**Stored data:**
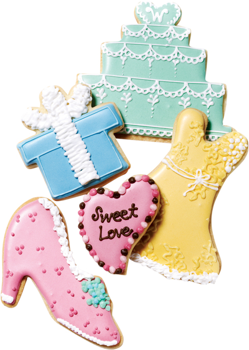 알록달록 아이싱 크림을 입힌 쿠키를 답례품으로 준비한다면 보는 것만으로도 기분이 즐거워질 것이다. 웨딩드레스와 선물 상자, 웨딩 슈즈 등 컬러풀한 아이싱 쿠키는 메리데이. 문의 02-517-1057
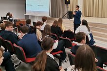 Знакомство с "Движением первых" в каждой школе! Сегодня в нашей школе прошла встреча- презентация с главным специалистом Российского движения детей и молодёжи «Движение первых» Ахметшиным Райнуром Рустемовичем. В ходе презентации школьникам рассказали о первом съезде РДДМ, о концепции и структуре объединения.
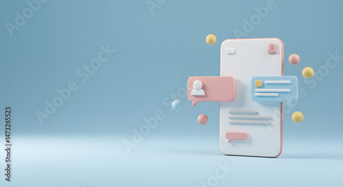 Modern mobile messaging app interface design 3d render of a smartphone with chat bubbles and user icWall mural
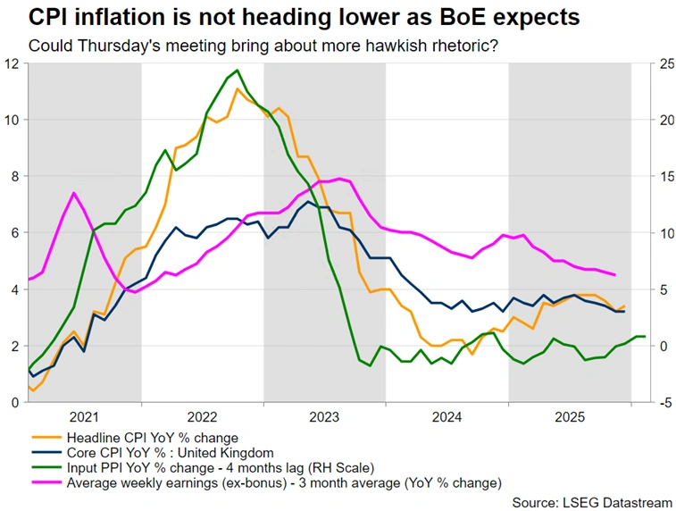 因此,英镑可能从缺乏鸽派倾向以及支持预期利率维持不变投票更坚决中获益。然而,不能低估英国央行固有的鸽派倾向,贝利再次通过投票支持暂停降息,同时将降息选项牢牢摆在桌面上,让鸽派和鹰派都感到满意。
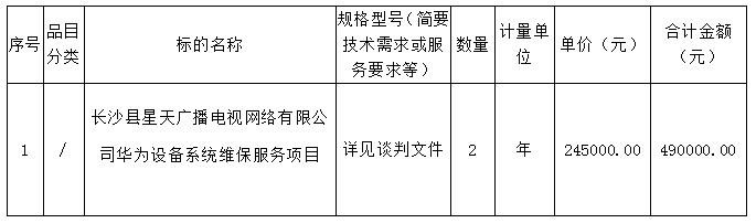 長沙縣星天廣播電視網絡有限公司華為設備系統維保服務項目談判成交公告
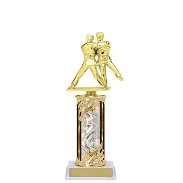 Stylish figure on Column & trophy base with gold accented stars wrapped around column.
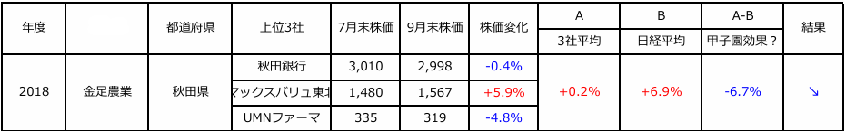 大都市よりも地方のほうが盛り上がって株価も上がるんじゃないかということで、近年まれに見る地方の活躍で印象深い2018年大会の金足農業高校のある秋田県について検証。結果的には、残念ながら、ギリギリ上昇した程度で、日経平均には大きく差を広げられてしました。
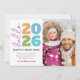 “Hello 2026. And it’s about time.” Sometimes, the new year can’t come quickly enough. And this is one of those years. A playful visual of modern, bold, colourful, graphic block typography and elegant script calligraphy, next to the photo of your choice, help you usher in the New Year. White hand drawn lines overlay aqua blue on the back. Feel the warmth and joy of the holiday season whenever you send this simple, stylish, personalised greeting card. Send this to someone special, especially someone with a sense of humour!
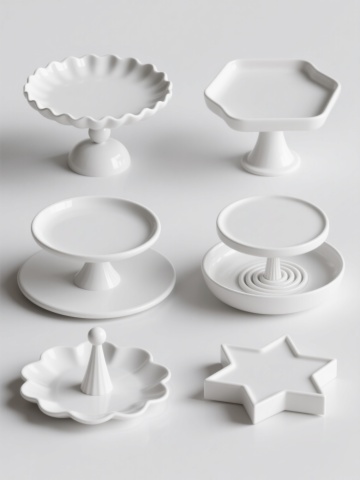 6个造型各异的白色蛋糕托盘系列素材集合,每个托盘均保持简约现代的3D渲染风格,拥有光滑的塑料质感和柔和的高光反射,主体色彩统一为纯净白色,托盘造型分别为:1.波浪边缘圆形底座配球形支柱;2.方形波浪边缘配四柱支撑;3.双层圆形叠加大底座;4.花瓣形边缘配螺旋纹支柱;5.六边形边缘配锥形支柱;6.星形边缘配多棱面底座,所有托盘规整排列于纯白色纯色背景上,整体构图平衡对称,视觉层级清晰,突出展示各托盘的独特造型设计与统一的材质质感,适合作为产品展示或设计素材使用。

**Your goal:**
Set down all the entries above verbatim, and include none of the pictures.

**Response to the exercise:**
 알록달록 아이싱 크림을 입힌 쿠키를 답례품으로 준비한다면 보는 것만으로도 기분이 즐거워질 것이다. 웨딩드레스와 선물 상자, 웨딩 슈즈 등 컬러풀한 아이싱 쿠키는 메리데이. 문의 02-517-1057
 Знакомство с "Движением первых" в каждой школе! Сегодня в нашей школе прошла встреча- презентация с главным специалистом Российского движения детей и молодёжи «Движение первых» Ахметшиным Райнуром Рустемовичем. В ходе презентации школьникам рассказали о первом съезде РДДМ, о концепции и структуре объединения.
 Modern mobile messaging app interface design 3d render of a smartphone with chat bubbles and user icWall mural
 因此,英镑可能从缺乏鸽派倾向以及支持预期利率维持不变投票更坚决中获益。然而,不能低估英国央行固有的鸽派倾向,贝利再次通过投票支持暂停降息,同时将降息选项牢牢摆在桌面上,让鸽派和鹰派都感到满意。
 長沙縣星天廣播電視網絡有限公司華為設備系統維保服務項目談判成交公告
 Stylish figure on Column & trophy base with gold accented stars wrapped around column.
 大都市よりも地方のほうが盛り上がって株価も上がるんじゃないかということで、近年まれに見る地方の活躍で印象深い2018年大会の金足農業高校のある秋田県について検証。結果的には、残念ながら、ギリギリ上昇した程度で、日経平均には大きく差を広げられてしました。
 “Hello 2026. And it’s about time.” Sometimes, the new year can’t come quickly enough. And this is one of those years. A playful visual of modern, bold, colourful, graphic block typography and elegant script calligraphy, next to the photo of your choice, help you usher in the New Year. White hand drawn lines overlay aqua blue on the back. Feel the warmth and joy of the holiday season whenever you send this simple, stylish, personalised greeting card. Send this to someone special, especially someone with a sense of humour!
 6个造型各异的白色蛋糕托盘系列素材集合,每个托盘均保持简约现代的3D渲染风格,拥有光滑的塑料质感和柔和的高光反射,主体色彩统一为纯净白色,托盘造型分别为:1.波浪边缘圆形底座配球形支柱;2.方形波浪边缘配四柱支撑;3.双层圆形叠加大底座;4.花瓣形边缘配螺旋纹支柱;5.六边形边缘配锥形支柱;6.星形边缘配多棱面底座,所有托盘规整排列于纯白色纯色背景上,整体构图平衡对称,视觉层级清晰,突出展示各托盘的独特造型设计与统一的材质质感,适合作为产品展示或设计素材使用。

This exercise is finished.